What the exercise asks:
All lines from the opening of the material up to and including the line with "Akvarelni papir sem" should be transcribed exactly, pictures excepted.

[[ Dataset excerpt open ]]

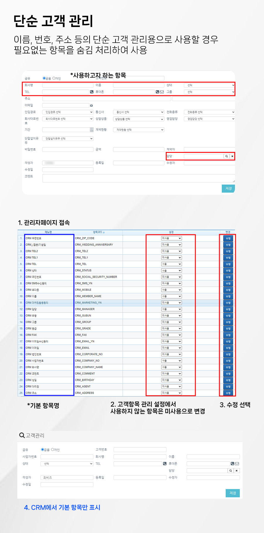 CRM에서 가장 많이 사용하는 고객별 메모 기능도 사용하지 않고 회사명이나 고객명, 전화번호만 등록하여 단순 고객관리만 하는 기업이 있습니다. 이때는 특별히 추가할 필요 없이 숨김 처리 기능만 사용하면 되는데, 관리자 페이지에서 사용하지 않는 기본 항목을들 미사용으로 설정만 해주시면 됩니다.
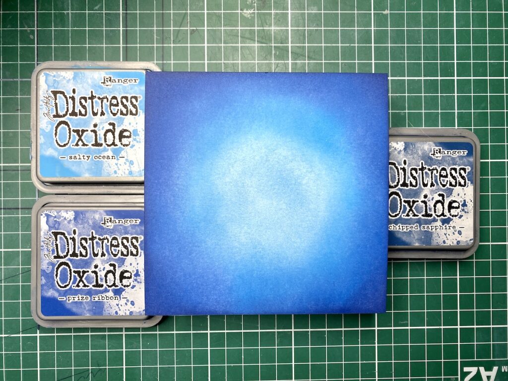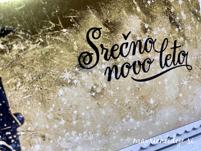 Akvarelni papir sem pobarvala z nežnimi odtenki krem in zelene Distress oxide blazinice. Nato sem naredila različne odtise, dodala teksturno pasto preko stencil šablone. Nato pa sem teksturno pasto polepšala z voskom v belo perl barvi.
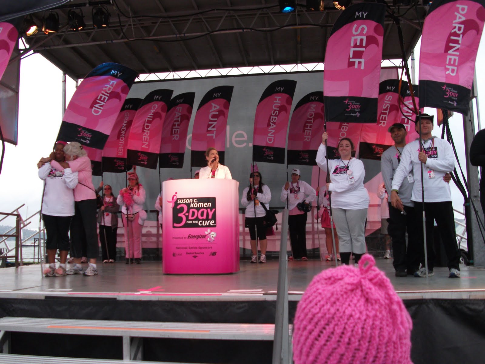The honor guards filed on stage, carrying the memorial flags. This is one of the most touching moments in the ceremony. For most of the walkers and the people gathered there, the flags represent people, loved ones, whose lives were touched by breast cancer. Tears began to flow. There were 4 honor guards standing on the front of the stage. Their flags read, “My Partner”, “Myself”, “My Friend” and “My Daughter.” As the crowd cheered, those honored by the flags joined them – partner, friend and daughter. The tears flowed freely all around.
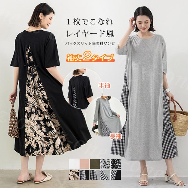 ワンピース 半袖 夏新作 送料無料 レディース ワンピース ロング丈 半袖 長袖 ノースリーブ ロンT 着痩せ ゆったり ロング丈 レイヤード風 20代 30代 40代 50代 60代 ワンピスター 体型カバー おしゃれ 通勤 父の日

[[ Dataset excerpt closed ]]

Completed task:
 CRM에서 가장 많이 사용하는 고객별 메모 기능도 사용하지 않고 회사명이나 고객명, 전화번호만 등록하여 단순 고객관리만 하는 기업이 있습니다. 이때는 특별히 추가할 필요 없이 숨김 처리 기능만 사용하면 되는데, 관리자 페이지에서 사용하지 않는 기본 항목을들 미사용으로 설정만 해주시면 됩니다.
 Akvarelni papir sem pobarvala z nežnimi odtenki krem in zelene Distress oxide blazinice. Nato sem naredila različne odtise, dodala teksturno pasto preko stencil šablone. Nato pa sem teksturno pasto polepšala z voskom v belo perl barvi.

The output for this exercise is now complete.